Suppose you have a set of points (x₁,y₁), (x₂,y₂), ..., (x_n,y_n) that are ordered so that x₁ < x₂ < ... < x_n. It is not difficult to use the LinearInterpPt function to interpolate a value, v in the interval [x₁, x_n): you simply find the value of k so that x_k ≤ v < x_k+1 and then call the LinInterpPt function to interpolate. If you have more than one value to interpolate, you can loop over the values, as shown in the following function:

start Last(x); /* Helper module: return last element in a vector */
   return( x[nrow(x)*ncol(x)] );
finish;
 
/* Linear interpolation: simple version */
start LinInterp1(x, y, v);
   /* Given column vectors (x, y), interpolate values for column vector v. 
      Assume: 1. no missing values in x, y, or v
              2. the values of x are unique and sorted
              3. each element of v is in the interval [minX, maxX) */
   fv = j(nrow(v),1); /* allocate return vector */
   do i = 1 to nrow(v);
      k = Last( loc(x <= v[i] )); /* largest x less than v[i] */
      fv[i] = LinInterpPt(x[k], x[k+1], y[k], y[k+1], v[i]);
   end;
   return( fv ); 
finish;
 
/* test it on some data */
xy = {0 1,  1 2,  2 4,  4 0 };
v = {0.1, 1.1, 0.5, 2.7, 3}; /* interpolate at these points */
fv = LinInterp1(xy[,1], xy[,2], v);
print v fv;

The elements of v and fv are plotted as stars on the graph in the preceding section. The round markers are the data in the xy matrix.

Linear interpolation: A more robust implementation

The LinearInterp1 function is short, simple, and does the job, but it makes a lot of assumptions about the structure of the (x,y) data and the values to be interpolated. In practice, it is more useful to have a function that makes fewer assumptions and also handles various error conditions. In particular, a useful function would do the following:

Handle the case where an element of v equals the maximum value x_n.
Handle missing values in x or y by deleting those ordered pairs from the set of data values.
Check that the nonmissing values of x are unique and issue an error message if they are not. (Alternatively, you could combine repeated values by using the mean or median of the y values.)
Sort the ordered pairs by x.
Handle elements of v that are outside of interval [x₁, x_n]. The simplest scheme is to return missing values for these elements. I do not recommend extrapolation.

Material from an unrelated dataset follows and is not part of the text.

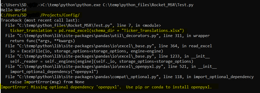 Packages like pip can be executed from the python executable using python.exe -m pip install openpyxl. If you don’t have sufficient firewall permissions (as you mentioned high security) you may not be able to connect to the package servers, which you would need to discuss with admin.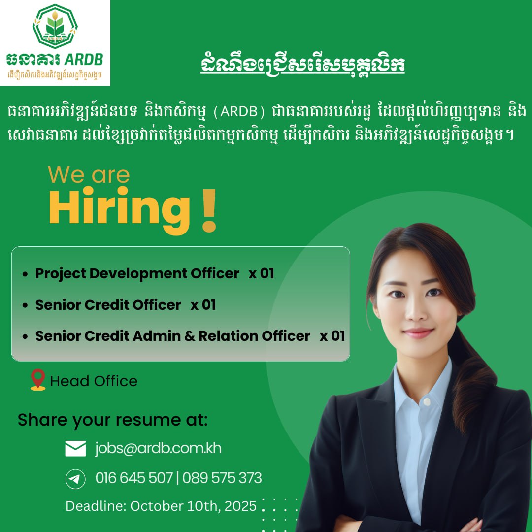 បេក្ខជនដែលមានចំណាប់អារម្មណ៍ សូមផ្ញើ CV មកតាមរយៈ jobs@ardb.com.kh ឬពិនិត្យមើលព័ត៌មានលម្អិត.

The first case is easily handled in the LinearInterp module. To implement the other cases, I'll write a module called Interp that handles cases 2–5 and then passes the remaining values of x, y, and v to the LinearInterp module. The following modules implement this strategy:

start LinInterp(x, y, v);
   /* Assume x and v are sorted and x is unique. Return f(v; x,y) 
      where f is linear interpolation function determined by (x,y) */
   fv = j(nrow(v),1); /* allocate return vector */
   begin = 1;         /* set default value */
   idx = loc(v=x[1]); /* 1. handle v[i]=xMin separately */
   if ncol(idx)>0 then do;
      fv[idx] = y[1];
      begin = Last(idx) + 1;
   end;
   do i = begin to nrow(v);      /* remaining values have xMin < v[i] <= xMax */
      k = Last( loc(x < v[i] )); /* largest x less than v[i] */
      fv[i] = LinInterpPt(x[k], x[k+1], y[k], y[k+1], v[i]);
   end;
   return( fv ); 
finish;
 
start Interp(_x, _y, _v);
   /* Given column vectors (x, y), return interpolated values of column vector v */
   /* 2. Delete missing values in x and y */
   idx = loc( _x^=. & _y^=. );
   if ncol(idx)<2 then return( j(nrow(_v),1,.) );
   x = _x[idx]; y = _y[idx];
 
   /* 3. check that the nonmissing values of x are unique */
   u = unique(x);
   if nrow(x)^=ncol(u) then do;
      print "ERROR: x cannot contain duplicate values"; stop;
      /* Alternatively, use mean or median to handle repeated values */
   end;
 
   /* 4. sort by x */
   xy = x || y;
   call sort(xy, 1);
   x = xy[,1]; y = xy[,2];
 
   /* 5. don't interpolate outside of [minX, maxX]; delete missing values in v */
   minX = x[1]; maxX = Last(x);
   interpIdx = loc( _v>=minX & _v<=maxX & _v^=. );
   if ncol(interpIdx)=0 then return( j(nrow(_v),1,.) );
 
   /* set up return vector; return missing for v out of range */
   fv = j(nrow(_v),1,.);
   fv[interpIdx] = LinInterp(x, y, _v[interpIdx] );
   return (fv);
finish;
 
/* test the modules */
xy = {0 1,  . 3,  2 4,  4 0,  5 .,  1 2};
v = {0.1, 1.1, 0.5, 2.7, 3, ., 4, 5, -1}; /* interpolate at these points */
fv = Interp(xy[,1], xy[,2], v);
print v fv;

The first five values of v are the same as in the previous section. The last four elements are values that would cause errors in the simple module.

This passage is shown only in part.